The positive reception of their projects by the neighborhood motivated the group to address the need for green space that residents could call their own, says Robles. They had begun looking at their neighborhood from a different perspective since attending an ethnic study program in high school that encouraged activism and critical thinking from a Mexican-American perspective on issues such as socioeconomic inequality. While the program fueled controversy and litigation, it taught Romero and Robles that they can create change in their own community.

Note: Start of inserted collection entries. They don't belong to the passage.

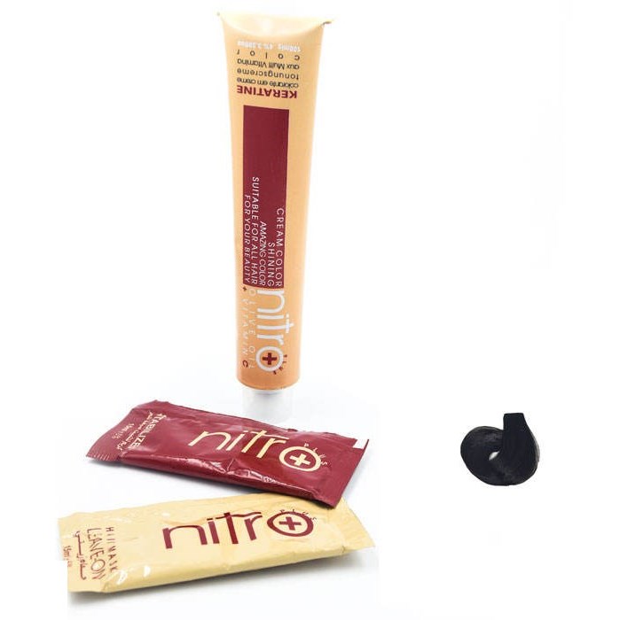 رنگ موی نیترو (نیترو پلاس) سری کراتین حاوی روغن زیتون و ویتامین C بوده و دارای خاصیت درخشان کنندگی مو می باشد. رنگ موی نیترو از مواد اولیه با کیفیت لابراتورهای خارجی تولید می شود و دارای دو ساشه جهت آماده سازی مو قبل از فرایند رنگ و ماسک مو برای تثبیت و نرم کنندگی بعد از رنگ کردن است.
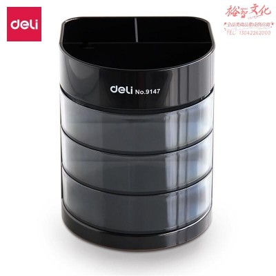 得力(deli)三层多功能办公笔筒 创意桌面收纳盒 办公用品 黑色9147SKU:yzwhyp842244
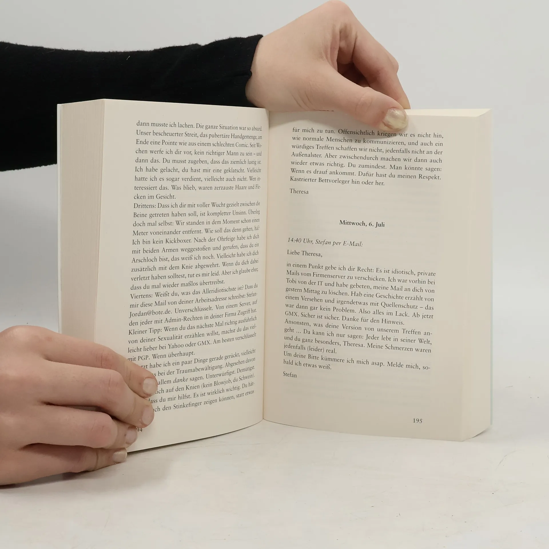 Zwanzig Jahre sind vergangen: Als sich Stefan und Theresa zufällig in Hamburg über den Weg laufen, endet ihr erstes Wiedersehen in einem Desaster. Zu Studienzeiten waren sie wie eine Familie füreinander, heute sind kaum noch Gemeinsamkeiten übrig. Stefan hat Karriere bei Deutschlands größter Wochenzeitung DER BOTE gemacht, Theresa den Bauernhof ihres Vaters in Brandenburg übernommen. Aus den unterschiedlichen Lebensentwürfen sind gegensätzliche Haltungen geworden. Stefan versucht bei seiner Zeitung, durch engagierte journalistische Projekte den Klimawandel zu bekämpfen. Theresa steht mit ihrem Bio-Milchhof vor Herausforderungen, die sie an den Rand ihrer Kraft bringen. Die beiden beschließen, noch einmal von vorne anzufangen, sich per E-Mail und WhatsApp gegenseitig aus ihren Welten zu erzählen. Doch während sie einander näherkommen, geraten sie immer wieder in einen hitzigen Schlagabtausch um polarisierende Fragen wie Klimapolitik, Gendersprache und Rassismusvorwürfe. Ist heute wirklich jeder und jede gezwungen, eine Seite zu wählen? Oder gibt es noch Gemeinsamkeiten zwischen den Welten? Und können Freundschaft und Liebe die Kluft überbrücken?
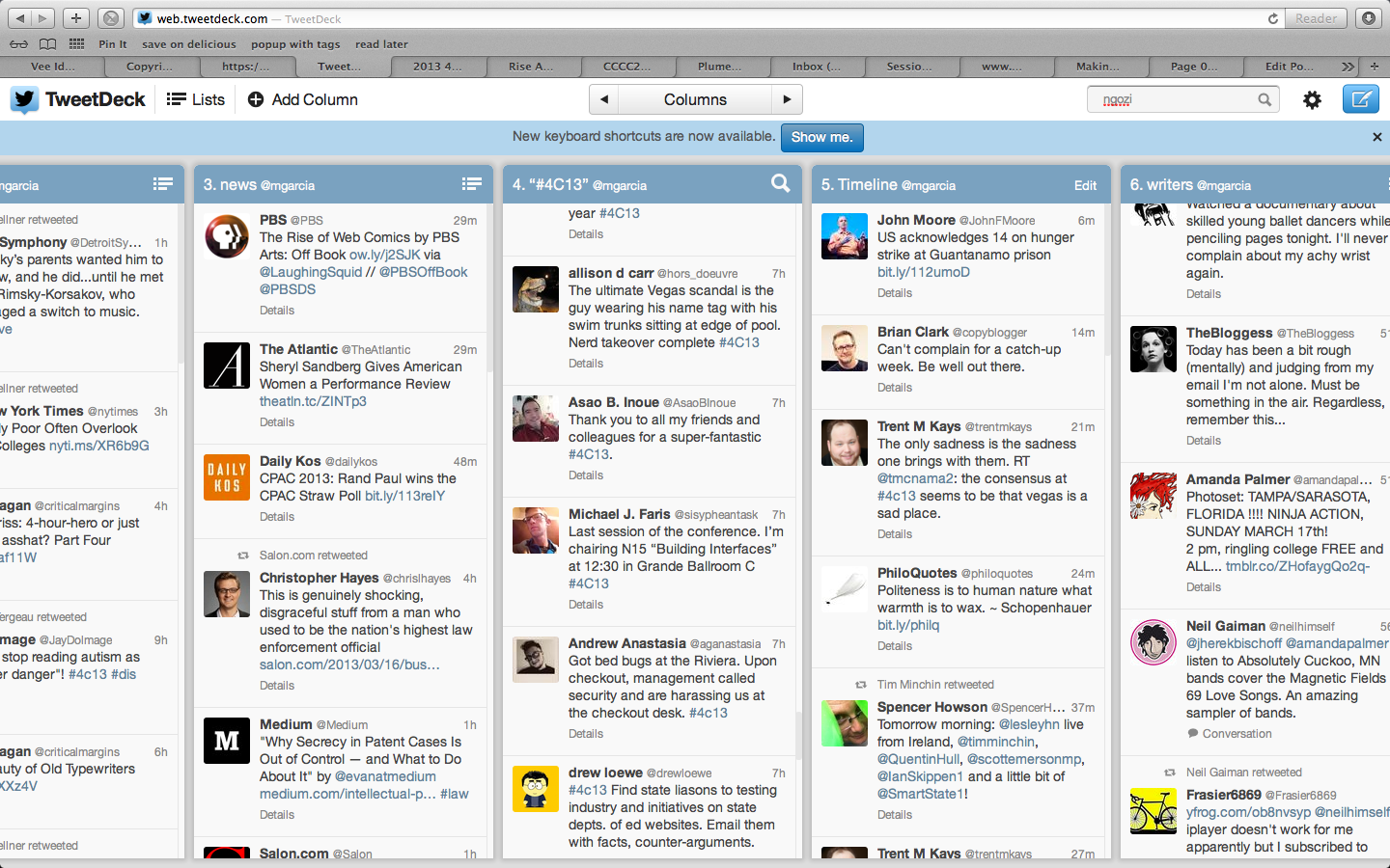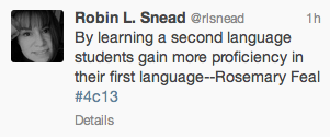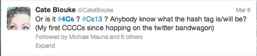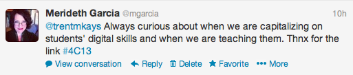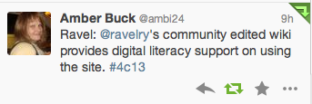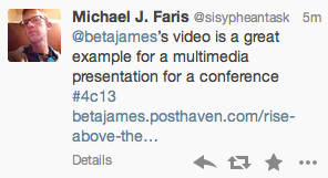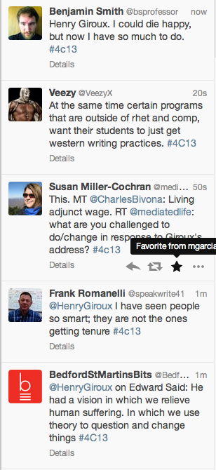 Kyle Stedman, Bill Wolff, and Tekla Hawkins dove into remix, twitter, fanfiction and theories of composition and community in K1, which was well attended and heavily tweeted even though it was in the last time slot of the conference. You can watch video of it here. Stedman’s presentation was especially novel. He played short audio clips and explained the phenomenological contributions of sound to composition (and confounded the room by pointing out that lasers don’t make the expected swishing or pinging sound that science fiction movies have led us to expect). Bill Wolff examined the twitter community of Bruce Springsteen fans and asked “What are tweeters doing?” He identified practices that historicize, notify, and perpetuate community norms and information as well instances that build intertextual communications. Tekla Hawkins suggested that the increasing popularity of fanfiction demands the need for closer attention from academics and that fan compositions work as a remix practice, drawing from the canon as a database and creating something new.
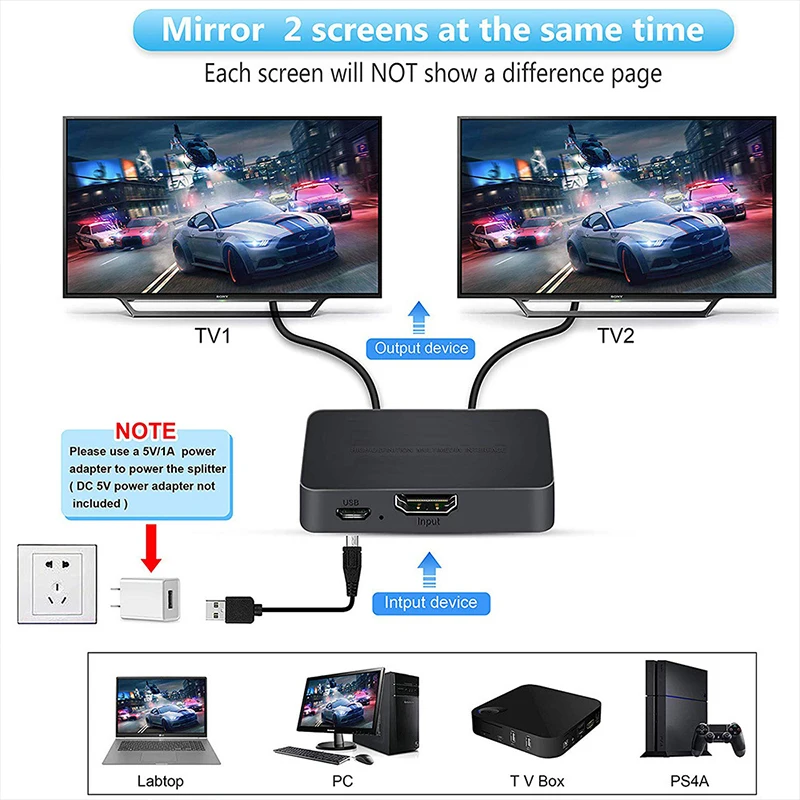 Позволяет распределять приставки, dvd-плееры, PS3, PS4, XBOX, PC, Blue-ray плеер и для Apple TV Macbook, HDMI-совместимый выход в VR, проектор, телевизор и экран. Не забудьте использовать кабель micro power, пожалуйста.
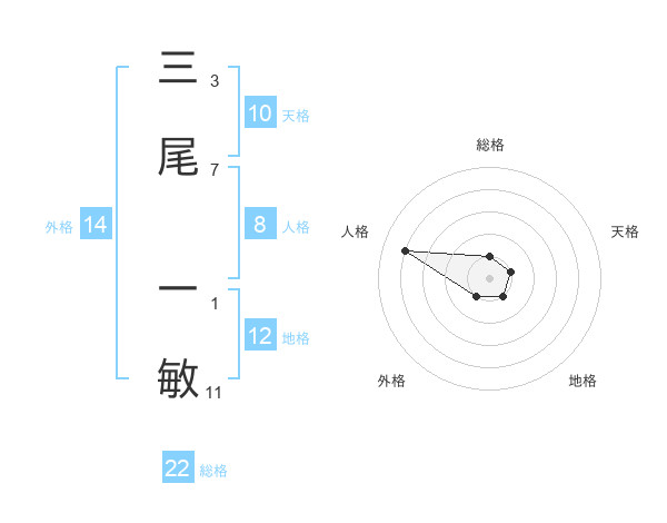 三尾 一敏さんを姓名の画数から五運を鑑定
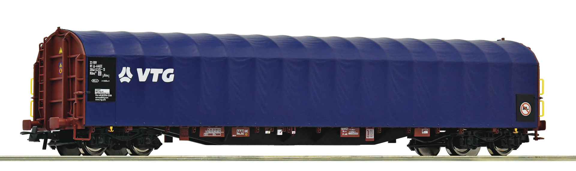 Schiebeplanenwagen, Gattung Rilns, der VTG. - Mietwagen der VTG, eingestellt bei SBB Cargo - Fein detaillierte Ausführung - Mit separat angesetzten Grifftstangen - Realistische Struktur der Plane - Einsatz: Transport von witterungsempfindlichen Gütern

“There are many families here, generation families, and the people are very proud of this community,” says Robles. “And there is a lot of beauty in these things, but when I am completely real, there is also a lot of effort.” This duality is embodied in the name of the collective. “We like to say that flowers are the art, the beauty, the culture – and the bullets are a kind of struggle, the things we had to face in our community and the resistance to those things like gang influence and drug abuse. “
Most of Barrio Centro’s residents are Latinos, many on low incomes. Your neighborhood isn’t gifted with the abundance of farmers’ markets or green spaces found in more affluent neighborhoods, but the collective wanted to change that. In 2017, the Flowers & Bullets Collective received the keys to the vacant school premises after submitting a project proposal for the farm concept to the Tucson Unified School District.
At this point, Dora Martinez, a member of the collective, had joined the non-profit organization. Her previous work as a farm manager was instrumental in developing the group’s sustainable farming program. In April 2018, the group received a three-year scholarship of $ 600,000 from the Agnese Nelms Haury Program in Environment and Social Justice at the University of Arizona. It was a big push for a project that not only aimed to feed the residents, but also to become a neighborhood resource that could provide educational workshops, jobs, and a sense of self-determination.
Itzel Gamez, 14, uses a metate, a grindstone that originated in pre-Hispanic Mesoamerica, to smooth corn masa, or batter for tortillas. She lives in the Barrio Centro district and took part in the Flowers & Bullets workshop with her brother Daniel. (Paloma Martinez is in the background). (Photo by Alfonso Chavez)
Existing programs on the farm and others that are developed together with the community are intended to involve and network even more people in the neighborhood. Although activities slowed when the coronavirus pandemic broke out, the farm became a drive-through destination where residents could get masks, hand sanitizer and free seeds.